Directors in our 2025 Annual Corporate Directors Survey are more concerned than ever about their board colleagues underperforming, as external pressures mount and governance demands intensify. More directors than ever before now say someone on their board should be replaced. EUR directors share this sentiment, but they continue to focus on seeking traditional skill sets. Additionally, many EUR directors expressed concern about a lack of necessary capital to execute on their companies’ strategies, and they reported fewer boardroom discussions on climate change.
In 2025, 85 directors serving on boards of public EUR companies participated in our survey, accounting for 13% of all respondents. Here’s what we learned:
Directors in our survey on EUR companies are most likely to say they expect to add industry and operational expertise to their boards over the next year when compared to directors overall. They are also the least likely to be adding technology or AI skills to their boards.

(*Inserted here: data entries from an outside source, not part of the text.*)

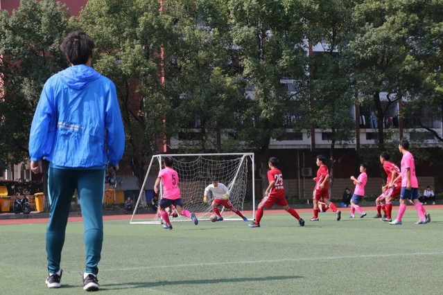 覆盖了一层薄霜的足球场,这是足球队清晨即将训练的场地。足球运动员成群相互练习“脚内侧传球”、“长传”等基本功,并通过模拟比赛提高队员的之间的相互配合能力。
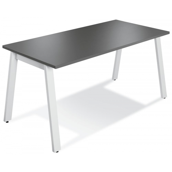 Die Tischplatte aus Holzdekor in stilvollem Anthrazit hat eine Plattenstärke von 25 mm und sorgt für eine robuste und langlebige Arbeitsfläche. Das A-Fuß-Stahlgestell in strahlendem Weiß (RAL 9016) verleiht dem Tisch einen modernen Look und ist zudem mit Bodenausgleichsschrauben ausgestattet, die eine Höhenverstellung von bis zu +10 mm erlauben, um Bodenunebenheiten auszugleichen.
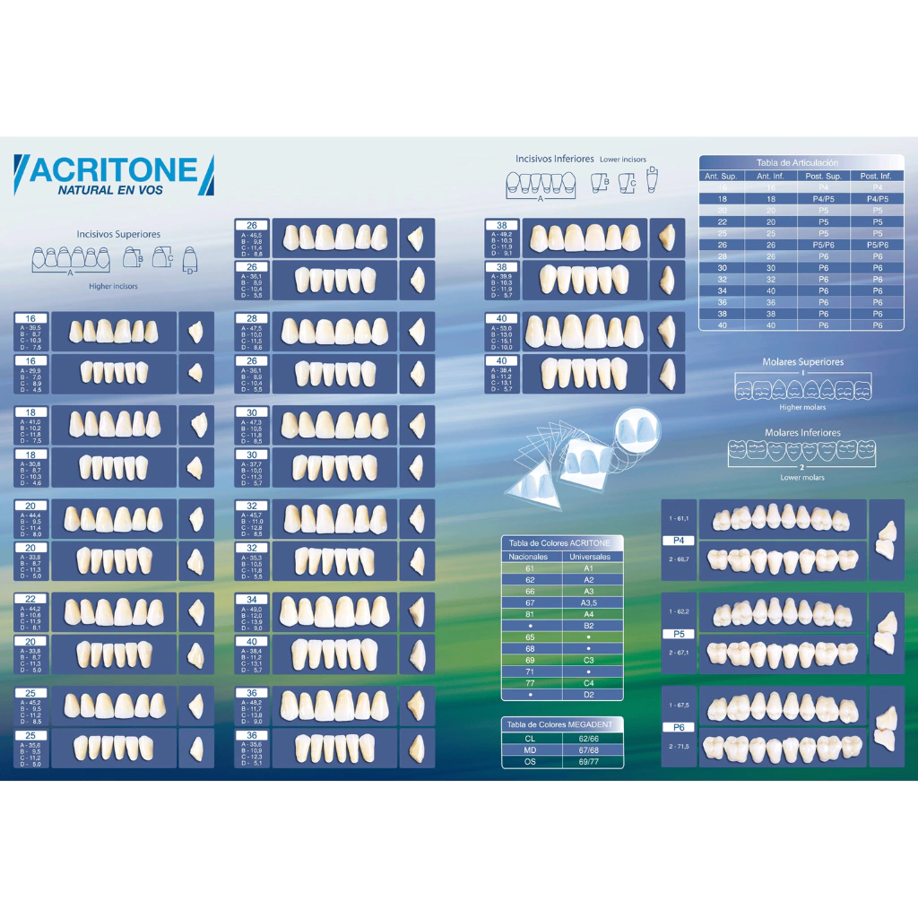 Diente de Acrilico Acritone bicapa de industria nacional
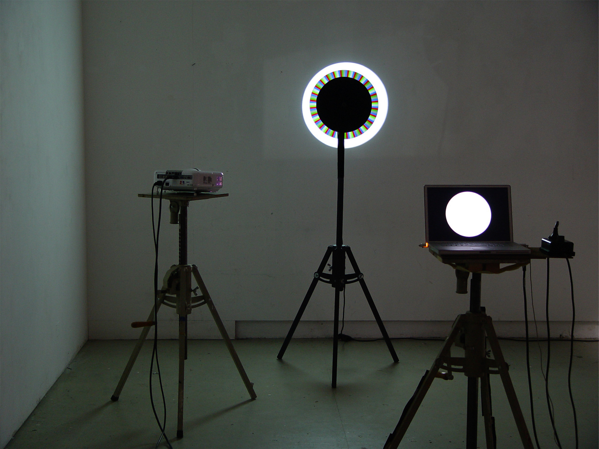 Beim Projektionsverfahren von DLP-Beamern (Digital Light Processing) werden die einzelnen Farben jeweils durch schnell hintereinander projizierte Farbpixel in den Grundfarben Rot, Grün und Blau zusammengesetzt, was zu einer optischen Farbmischung führt. Zur Darstellung von Weiss wird zusätzlich zu den drei Grundfarben noch weisses Licht verwendet, welches bei grauem Licht fehlt. Die Farbmischungen können in der interaktiven Installation durch eine sich drehende stroboskopische Scheibe rückgängig gemacht werden, sodass die Zusammensetzung des Beamerlichts sichtbar wird: Weiss setzt sich zusammen aus Rot, Grün, Blau und Weiss, Grau aus Rot, Grün und Blau, Cyan aus Blau und Grün, Magenta aus Blau und Rot, Gelb aus Rot und Grün. Die Grundfarben lassen sich demgegenüber nicht mehr weiter auftrennen.
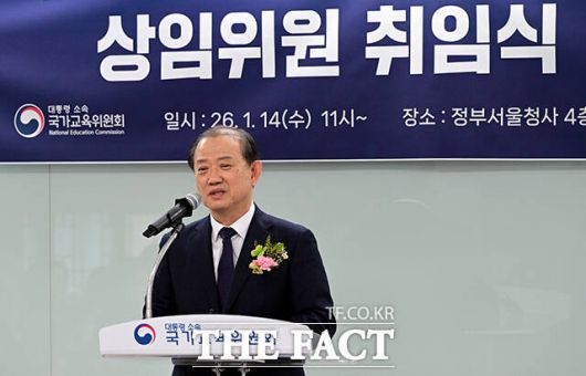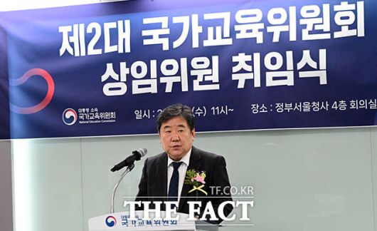 [더팩트ㅣ임영무 기자] 이광호, 김경회 국가교육위원회 상임위원이 14일 오전 서울 종로구 정부서울청사에서 열린 취임식에 참석해 기념촬영을 하고 있다.
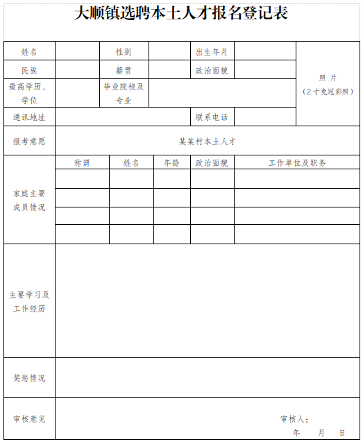 附件:《大顺镇选聘本土人才报名登记表》
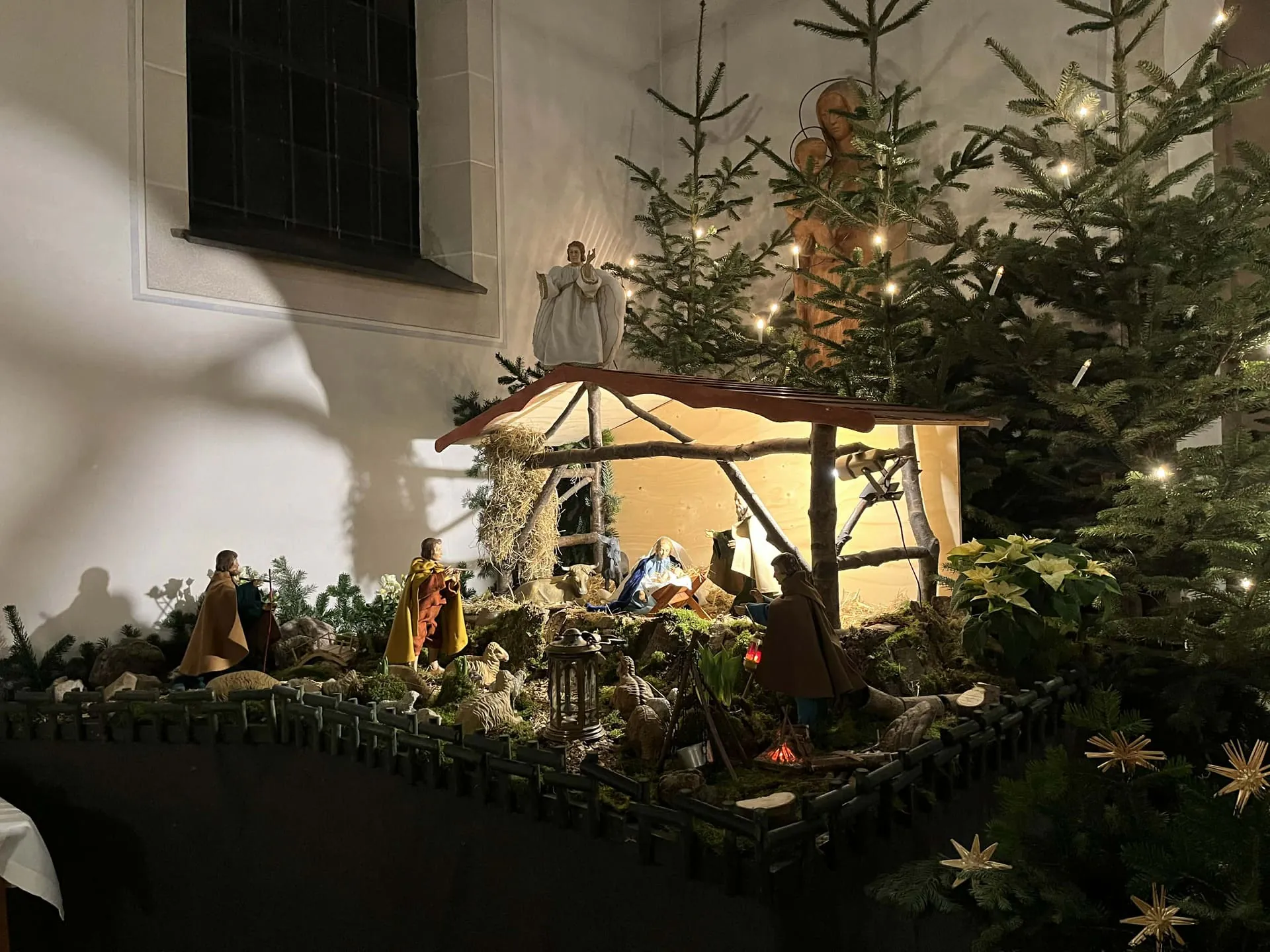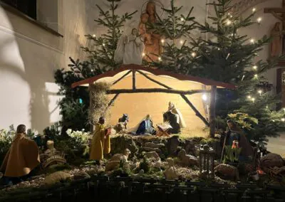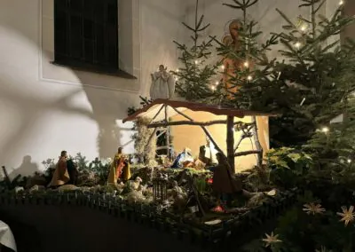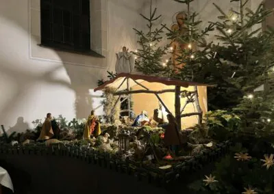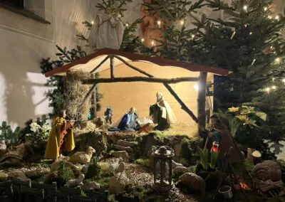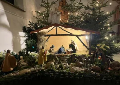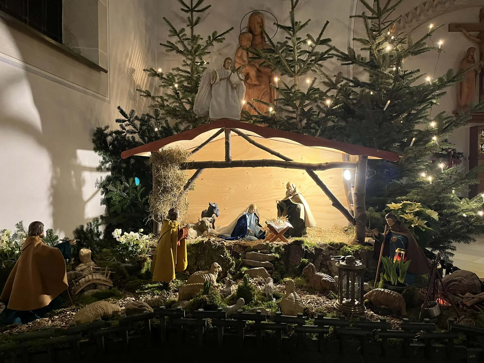 In der Kirche St. Josef in Bleche steht eine Krippe mit einem beleuchteten Holzstall. Die Krippenfiguren sind aus Holz und mit Kleidungsstücken angezogen. Verschiedene Pflanzen, Moos, Stuken und eine Brücke verschönern die Krippe. Ein Hirte hat sogar eine leuchtende Lampe in der Hand. Der Stall ist mit Stroh ausgelegt. Der Stall steht etwas erhöht. Eine Treppe mit drei Steinstufen führt hinauf.
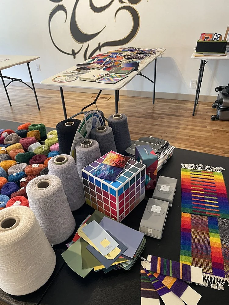 Color theory can be very helpful when it comes to choosing colors for your artwork. When learning to think like a tapestry artist in the realm of color choice, having a little theory knowledge can really come in handy when deciding which wefts to use. So we always spend some time on some of the most important color theory concepts.
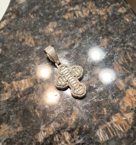 Silver moissanite cross pendant. Beautiful piece with baguette setting stones. Shines like crazy and passes diamond tester. Light worn, but in great shape. Pendant only no chain. Priced to sell asap
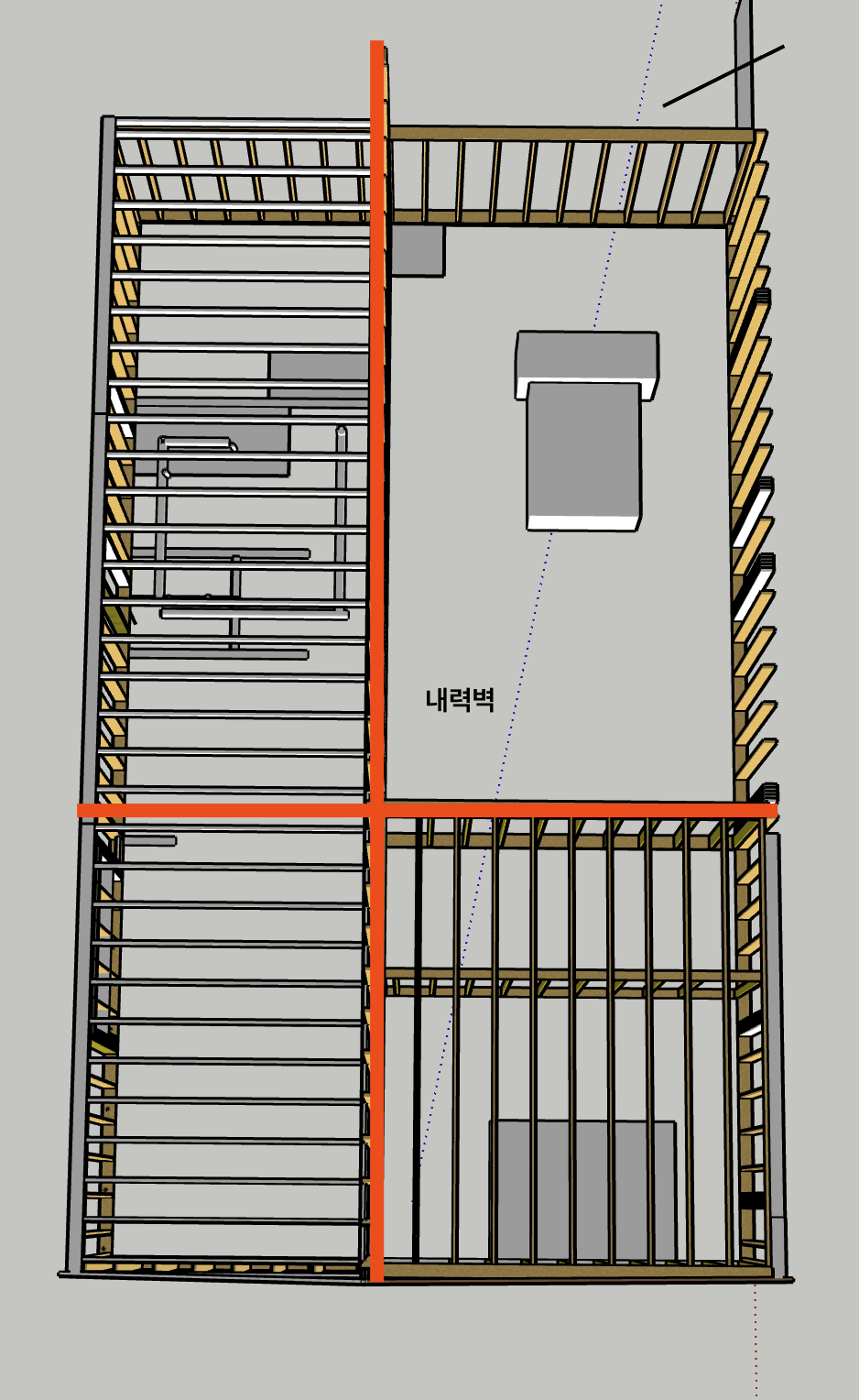 오픈천장이 있어 릿지빔위에 서까래를 올려서 릿지빔을 받치는 내력벽에 하중을 많이 받고 비대칭 지붕이어서 남쪽 서까래가 길어 남쪽 외벽이 하중을 많이 받을 거 같습니다.

When boards continue to prioritize the same industry and operational skill sets, the director talent pool narrows—potentially limiting access to fresh perspectives and the capabilities needed to oversee emerging risks and transformation.
In 2025, we asked a survey question to better understand the greatest internal barriers to companies’ future growth. Responses from all directors were varied—from not allocating enough resources to growth areas to lacking the right talent. But EUR directors stood out: they were by far the most likely industry to cite lacking the necessary capital to fund growth initiatives. One-third of EUR directors say this is their company’s greatest barrier—more than double the share of directors overall who say the same.
Companies may be trying to address these needs through M&A. Across energy and utilities, dealmaking is being shaped by heightened capital discipline and a sharper focus on capital efficiency—driving consolidation and portfolio actions aimed at strengthening balance sheets and funding priority investments.
EUR directors report engaging with shareholders more frequently than directors overall. Yet they are the least likely to say those interactions have led to any concrete action, such as increasing board discussion of key topics, enhancing public disclosures, revising governance policies or succession plans, or making changes to executive compensation or strategy.
Companies that listen but remain largely unresponsive to shareholder input may limit their access to additional capital—and may even invite potential activists. Investors still place significant weight on sustainability, climate transition, and broader ESG performance in their allocation decisions. As an example, 84% of investors globally believe companies should maintain their investment in climate adaptation, or increase it.
EUR companies, by the nature of their businesses, typically pay more attention to climate-related issues than companies in most other sectors. They run carbon-intensive, capital-heavy operations that sit squarely in the sights of regulators and carbon-pricing systems, and many of their assets—power plants, grids, pipelines, and mines—are exposed to storms, heatwaves, and other physical risks.
Even so, there was a significant decrease this year in those who say their boards discussed climate change more than once in the past year.
Board refreshment is top of mind for many EUR directors who know they need the right mix of skills to move their companies into the future. Shifting trade policies and where investors choose to deploy capital also pose real challenges for EUR companies, but the road ahead will likely present opportunities to gain a competitive advantage by enhancing governance practices. Where does your board stand?